For my collaborative group with Beth Grabowski and Clare Thomas, we created a project that had several different stages. The project, Woman As, consisted of us each buying second-hand clothes in thrift shops, transforming the garments and then giving them away to someone or back to the shops. Processes of memory, empathy and collaboration were key ideas.
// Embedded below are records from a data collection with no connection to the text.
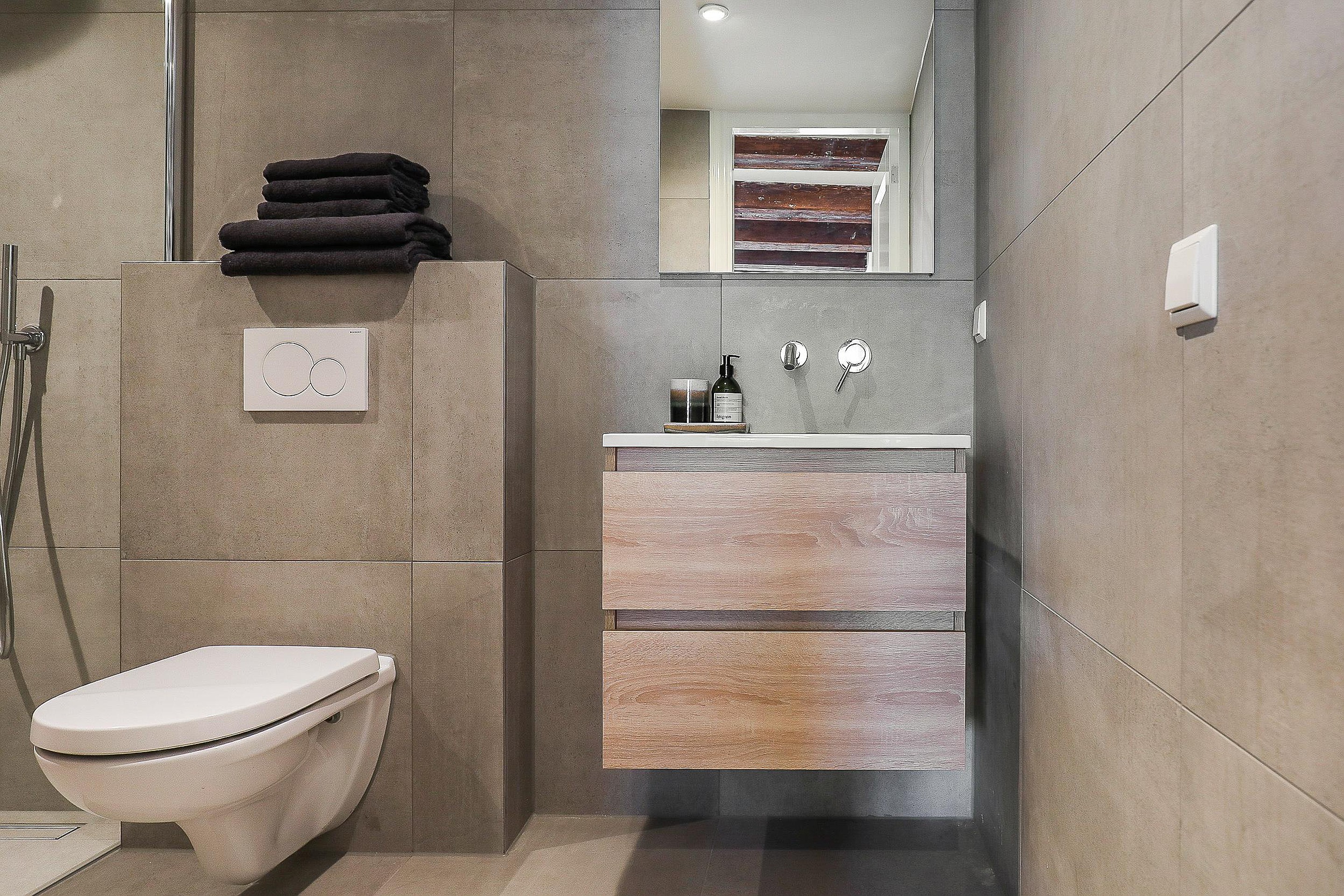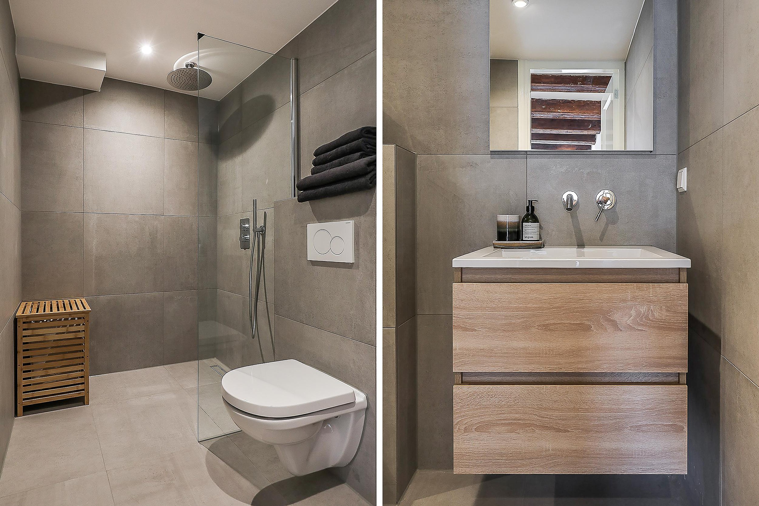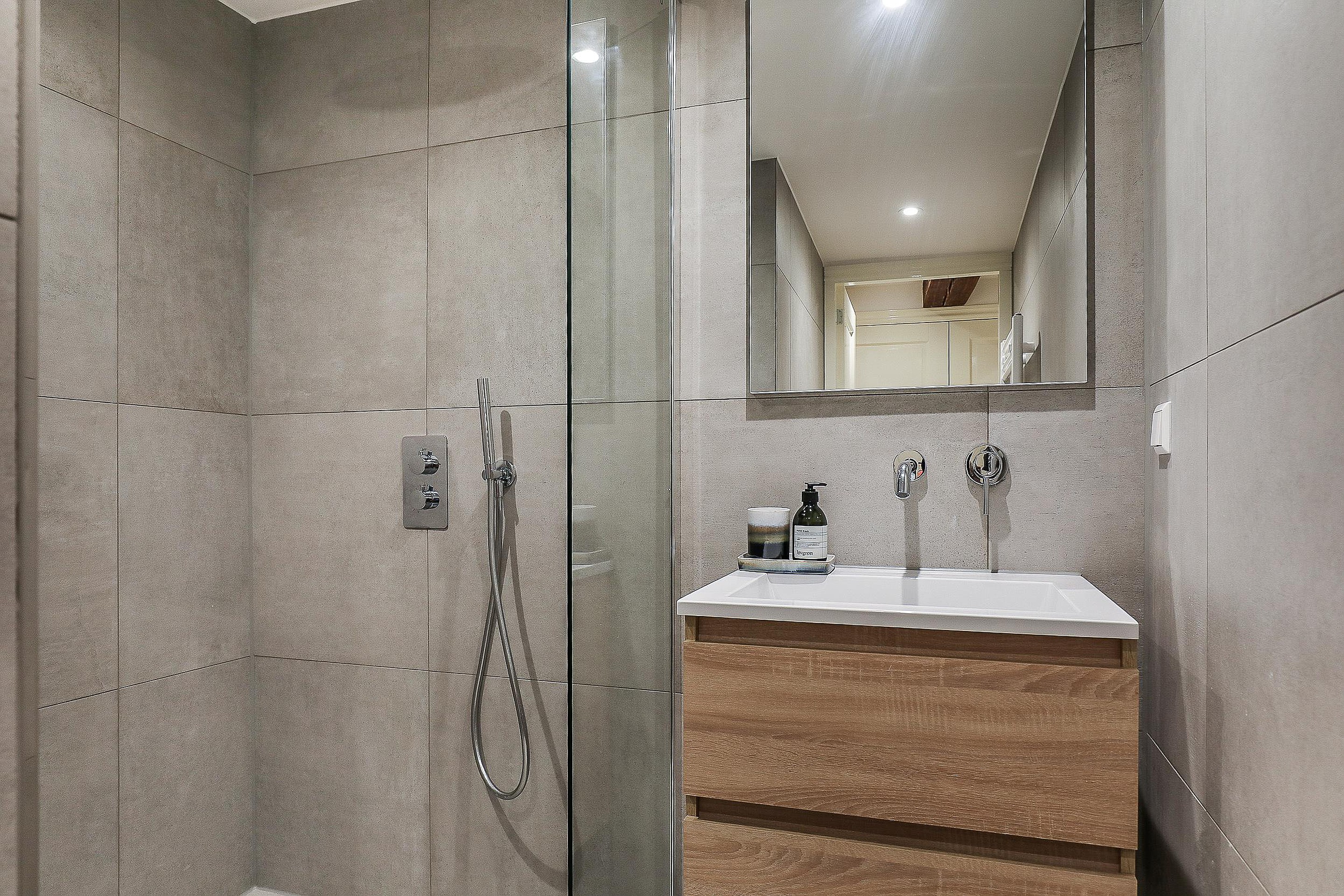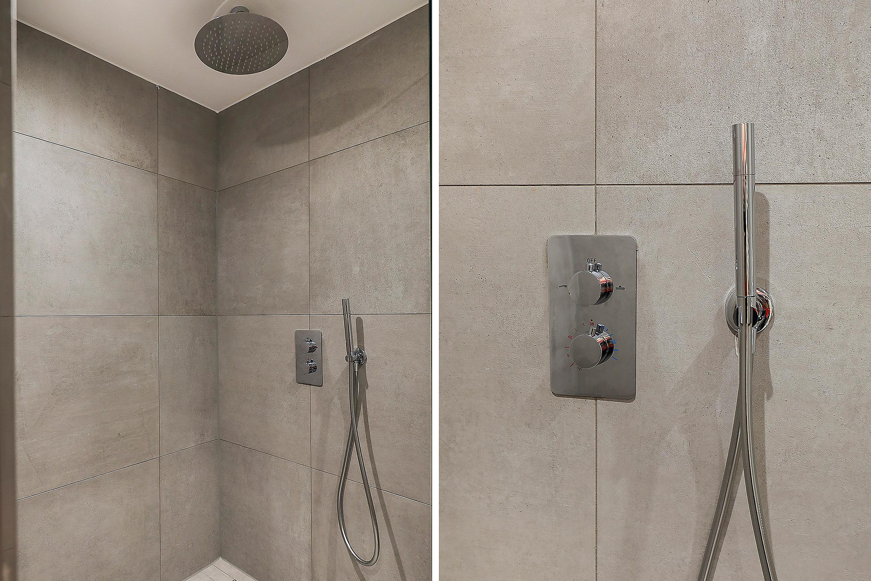 The second bathroom is fitted with a design radiator, washbasin cabinet with built-in tap, and a walk-in rain shower.
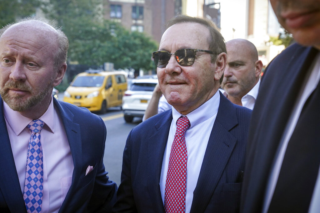 Actor Kevin Spacey leaves court following proceedings in a civil trial, Friday, Oct. 7, 2022, in New York, accusing him of sexually abusing a 14-year-old in the 1980s when he was 26. (AP Photo/Bebeto Matthews)
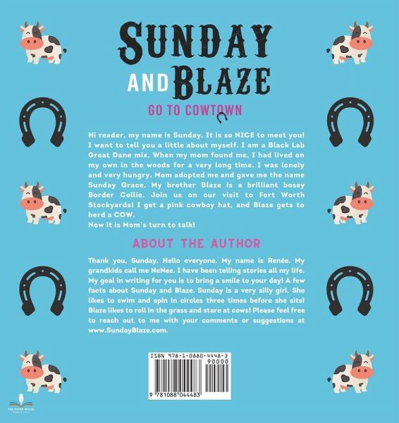 Hi reader, my name is Sunday. It is so NICE to meet you! I want to tell you a little about myself. I am a Black Lab Great Dane mix. When my mom found me, I had lived on my own in the woods for a very long time. I was lonely and very hungry. Mom adopted me and gave me the name Sunday Grace. My brother Blaze is a brilliant bossy Border Collie. Join us on our visit to Fort Worth Stockyards! I get a pink cowboy hat, and Blaze gets to herd a COW. Now it is Mom's turn to talk! Thank you, Sunday. Hello everyone. My name is Renée. My grandkids call me NeNee. I have been telling stories all my life. My goal in writing for you is to bring a smile to your day! A few facts about Sunday and Blaze. Sunday is a very silly girl. She likes to swim and spin in circles three times before she sits! Blaze likes to roll in the grass and stare at cows! Please feel free to reach out to me with your comments or suggestions at www.SundayBlaze.com.
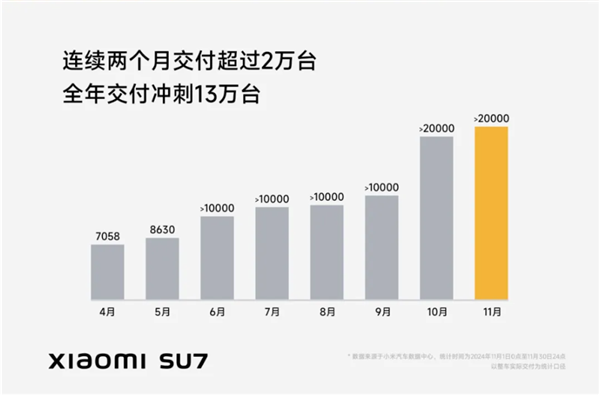 所以,光在国内干倒日系还不够,比亚迪要想成为全球领先的车企,还得哐哐砸钱干出口。说完比亚迪,再来看小米,虽然它全年估计交付只有 13 万,和比亚迪比简直是 “ 微观数据 ” ,但它只有 SU7 一台车,上市才第一年,现在就已经月销 2 万 + ,对于一个刚刚诞生的车企来说,这个数据已经够逆天了。

The garments that I chose to transform were connected to stories and desires from my childhood, and addressed desires from the past that were restricted due to gender normativity. The transformed garments will have a new future, as they will be owned and used by someone new. Our group also created a sewing circle to reenact Woman’s collaborative traditions as well. The sewing circle was documented through video recording. The work I have created, or co-created, as part of the #FUTURE program will inform my creative practice for years to come.
BIO
Char Schwall
1964 | Denver, Colorado, USA
Lives and works in Kansas City, Missouri, USA
EDUCATION
1991 | MFA, Washington University, St. Louis, Missouri, USA
1987 | BFA, Kansas City Art Institute, Kansas City, Missouri, USA
EXHIBITIONS
2021 | Sea Lover, Bruno David Gallery, St. Louis, Missouri, USA
2021 | Kansas City Flatfile & Digital Flatfile, H&R Block Artspace, Kansas City, Missouri, USA
2021 | Bilingual: Abstract & Figurative, Bruno David Gallery, St. Louis, Missouri, USA
2017 | Breaking, Splitting, Seaming, Bruno David Gallery, St. Louis, Missouri, USA
RESIDENCIES
2012 | The Ragdale Foundation, artist residency, Lake Forest, Illinois, USA
2010 | Vermont Studio Center, artist residency, Johnson, Vermont, USA
AWARDS
2009 | National Endowment for the Arts grant, Ranch Arts Center, Art Educator Institute residency, Snowmass, Colorado, USA
Related Activities
Encounters, Exhibitions
#6 | FUTURE: results
Artists in dialogue
14.07.21
“We must begin to educate ourselves, no longer in the critical exercise, but in the propositional abundance of ideas and worlds. That is the now of tomorrow ” CHUS MARTÍNEZ
#FUTURE (English cohort) was a new session of Together Apart through which we embarked into different considerations and proposals about and for the future. Taking as a framework artistic and conceptual references in relation to utopian and situated futures, the international cohort of artists worked individually and in collaboration, addressing the main theme through artistic practice, collective discussions and conceptual frameworks. This was a specially interesting cohort in regards to the articulation of disciplines and technologies. The working proposals were approached by creations that included printmaking to new media arts, textile arts and sustainable practices, including architecture and design. To mention only a few of the statements that the artists proposed, future was addressed as the negative space that implies how a form might move into it, future is the feeling of anticipation, future is the will to get back cancelled desires, future is transformation, future is restoration, future is expanding the present, future is a wheel spinning in its axis…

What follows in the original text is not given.